|
Introduction: Hello everyone. I have been a TL member and a SC2 player for a while. I love the game and TL and Liquipedia are the places i come to check for new strategies, VODs, streams, etc. That said, what’s this post all about?
Well, I think we all agree that SC2 is a strategy game. And as in any strategy game (e.g. Chess), our first moves are what matter the most. A small edge achieved in the first minutes of a game will produce a huge advantage later on. This is why Chess players have a great literature on the openings, and if you want to play Chess competitively you have to study the openings and their counters. We do the same with SC2, we study build orders. We study our replays, we watch professional player streams, we check the strategy forums, etc. in order to learn and discover new build orders and strategy to achieve that small advantage in the first minutes of a match. But I find this approach to have a (quite obvious) problem: apart from our personal perceptions, there is, in my opinion, a lack of data to build an objective idea on.

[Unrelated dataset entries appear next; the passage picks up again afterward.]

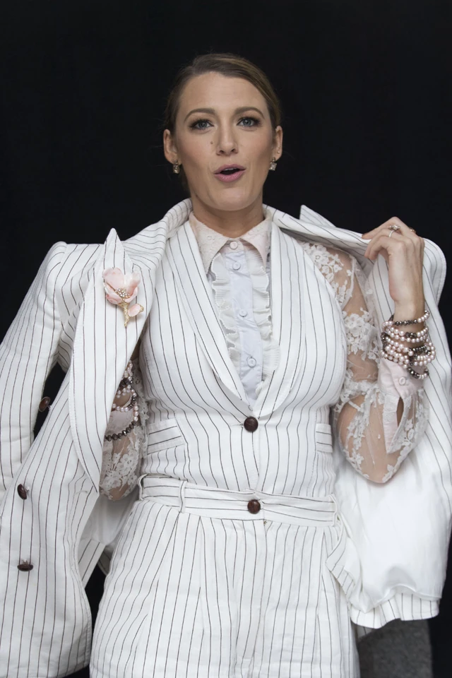 A napokban még két szuper szettet láthattunk tőle, az egyik csíkos mellényes öltöny, amit fehér csipkeblúzzal viselt alatta. Meglehetősen fura összeállítás, de mi tagadás, Blake Lively-nak ez is szuperül áll.
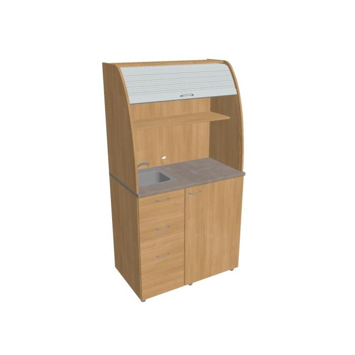 • Dve police vo vrchnej časti kuchynky poskytujú dostatočnú kapacitu na poháre, šálky a taniere. Na pracovnú dosku môžete umiestniť napr. kávovar a káblovou priechodkou v zadnej časti vyvediete kábel z priestoru kuchynky.
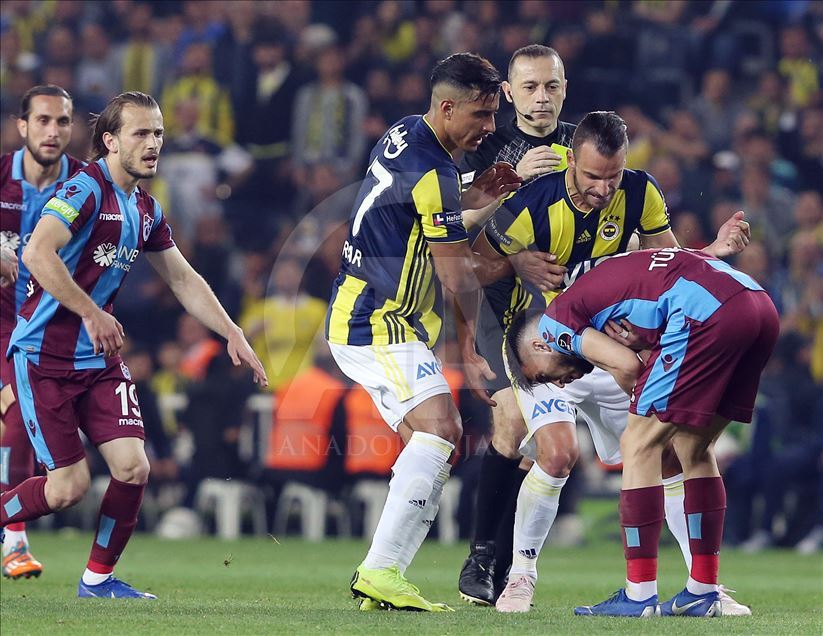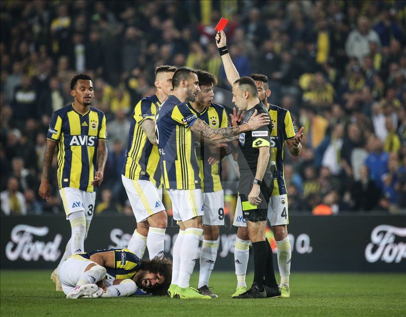 Spor Toto Süper Lig'in 30. haftasında Fenerbahçe ile Trabzonspor takımları, Ülker Stadyumu'nda karşılaştı. Karşılaşmada Fenerbahçe takım oyuncusu Sadık Çiftpınar (yerde), kırmızı kart görerek oyun dışı kaldı. ( Şebnem Coşkun - Anadolu Ajansı )Şebnem Coşkun

SC2Stats.net: With this in mind, back in November I got an idea: we don’t actually miss data, we just miss something to elaborate it and get information and possibly knowledge out of it. We know that there are places on the web that host saved matches (i.e. replays), and this is the raw data we need. What we missed is something that, given a replay, tells what was the strategy played: that’s what I tried to do and what I think I did. Once we can infer the build order from a replay, we can see, over a bunch of replays using that same build order, how much success that strategy has. And this is what I did, I ran my ‘build order recognizer’ on over 9000 (pun not intended) ‘pro’ replays and hosted the results on www.sc2stats.net. There you can see, for each race, what are the the most successful build orders, how much they win, how much they are played, etc.
This Is It?: No, actually, that’s just the homepage. If you register yourself on the website (which is completely free, obviously) and you upload your replays, you will have access to features like: - Replay Analysis: you will be able to see the list of the orders you and your opponent gave during the game. - Build Order Statistics: what build orders you play the most, what are your winning strategies on a certain match-up, what opening instead you seem to don’t get along with, etc. - Race and Map Statistics: keep track and visualize your win ratio for each match-up and its trend over time; you can see joint break-downs too (e.g. where you seem to win the most against Zerg). - APM Statistics: check you APMs on each game you played and their average trend over time. - More to come: the website is really new and can be considered a beta at the moment. We plan to add new features that we already have in mind, but we’re also very open to community suggestions; so if you think we miss something important that you want to see in just tell us at feedback@sc2stats.net. I probably also forgot features that are already included so if you see it in person it’s better.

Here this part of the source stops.